Track your fund's performance and exit when it starts dipping…
15-Feb-2011 •Research Desk
I started investing in Reliance Vision Mutual Fund in October 2005 through SIPs of Rs 10,000, which I continued till October 2008. During this time, the rating of the fund was 4-stars or 5-stars. At the moment, the fund rating is fluctuating between 2- and 3-stars. I am sitting with a reasonable gain of Rs 1 lakh on my investment. I was wondering if I should exit this fund or hold onto my investments. I will be re-investing the money I redeem as I do not need it for the next five years
Making gains from mutual fund investing is a sign of good fund selection in the first place. You are right in your observation about Reliance Vision going down on performance and losing stars. A steadily declining fund also loses stars regularly, offering an exit option at various points to an investor.

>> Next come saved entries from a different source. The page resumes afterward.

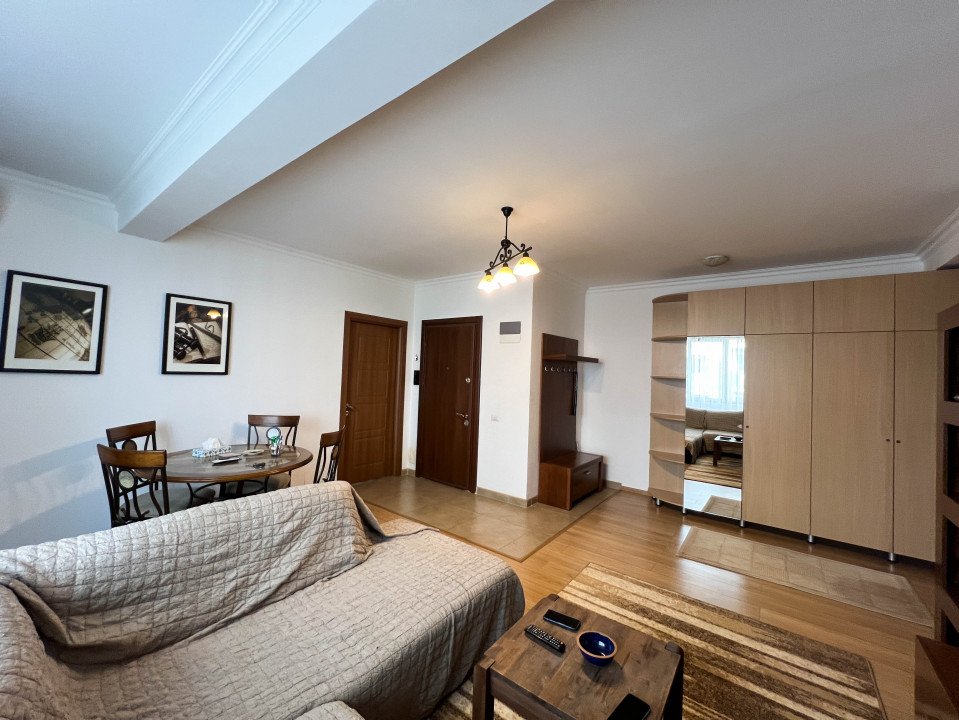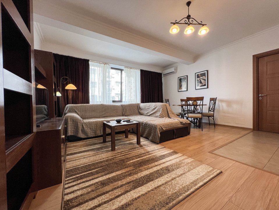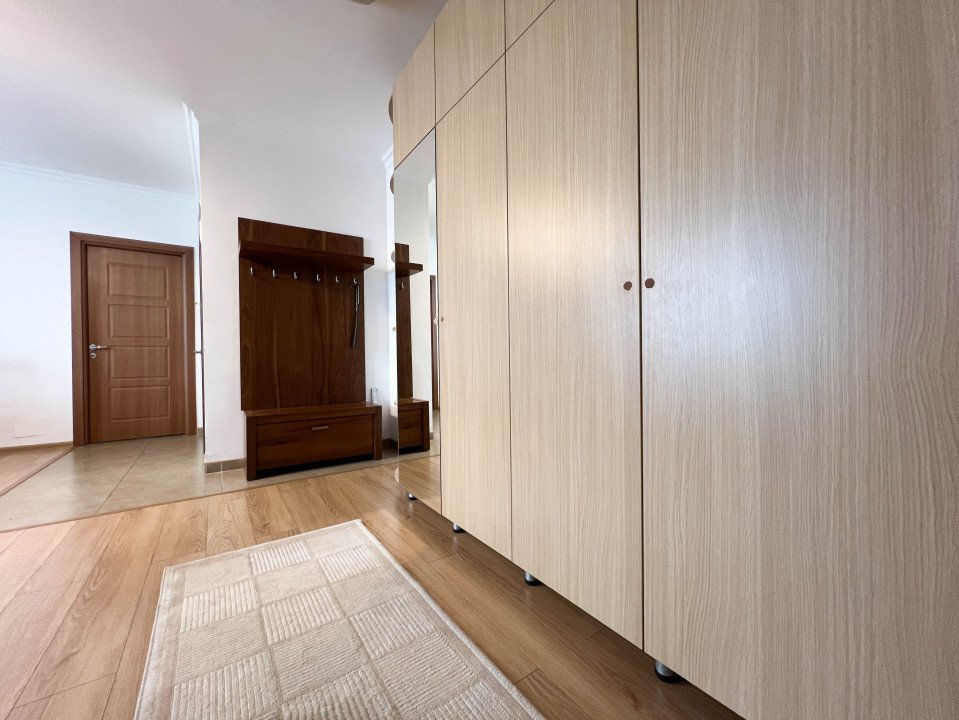 Interiorul apartamentului impresionează prin designul său contemporan, cu mobilier de înaltă calitate și culori neutre pentru a crea un mediu elegant și relaxant.
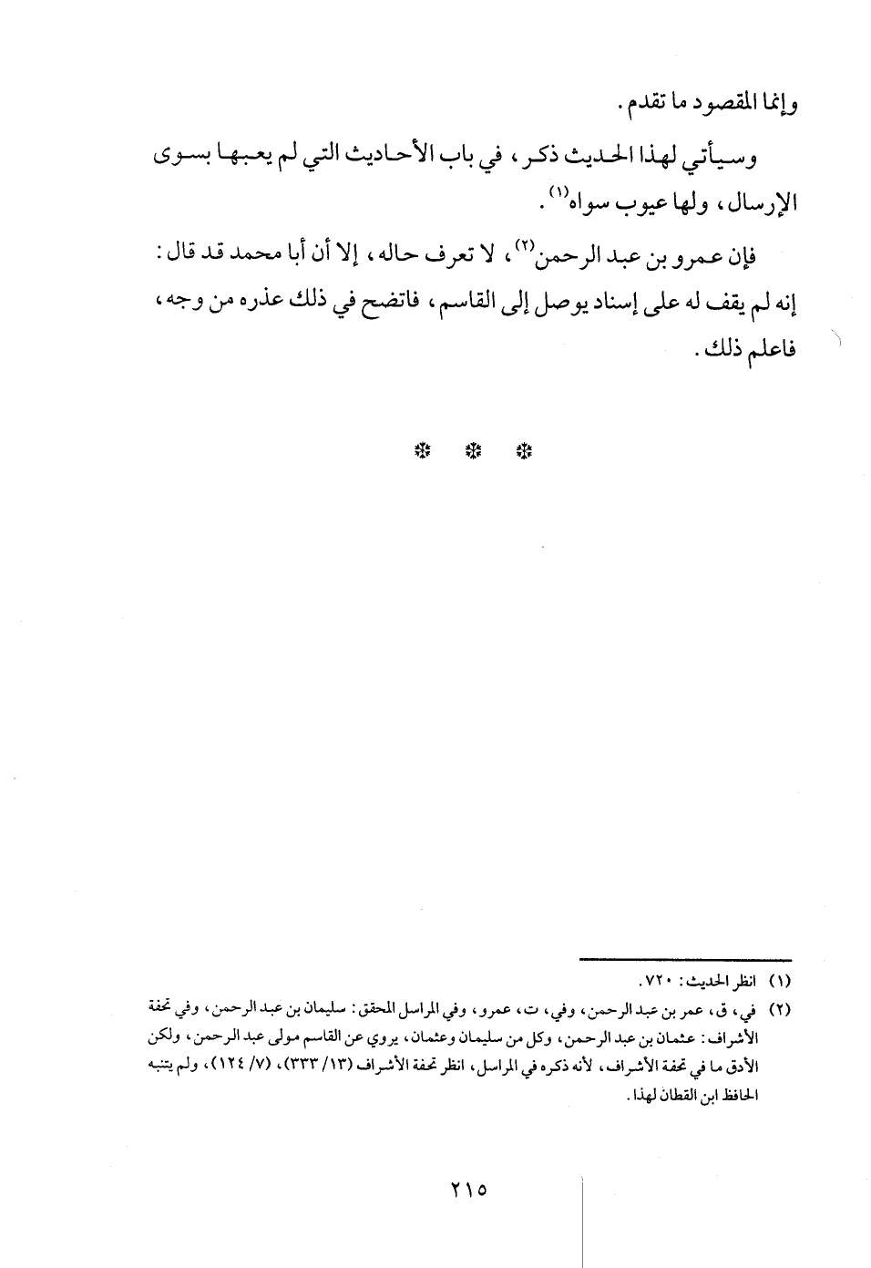 فَإِن عَمْرو بن عبد الرَّحْمَن، لَا تعرف حَاله، إِلَّا أَن أَبَا مُحَمَّد قد قَالَ: إِنَّه لم يقف لَهُ على إِسْنَاد يُوصل إِلَى الْقَاسِم، فاتضح فِي ذَلِك عذره من وَجه، فَاعْلَم ذَلِك.
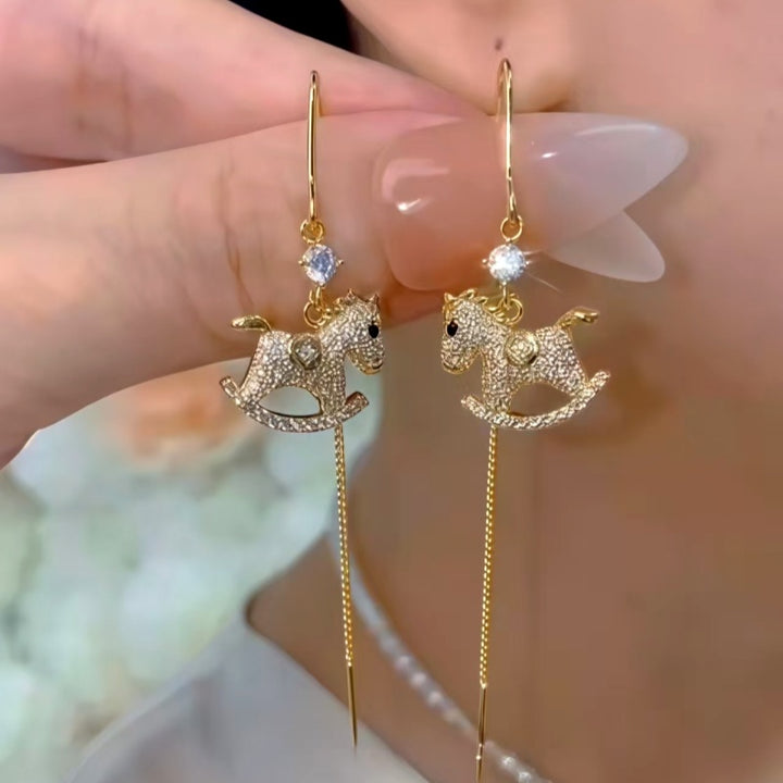 14K Gold-Plated Luxury Zircon Diamond Horse Threader Earrings

As you plan to redeploy the profits from this investment; you can consider investing in Birla Sun Life Frontline Equity Plan A, Fidelity India Growth or HDFC Top 200. All three funds fall within the large- and mid-cap fund space, similar to Reliance Vision. By exiting a poorly faring fund to the best performers in the category, you stand the chance to gain in the future. There is a lesson for you from this experience: track the performance of your fund investments periodically. If the selected fund’s performance starts to slip, it’s time for you to exit and invest elsewhere.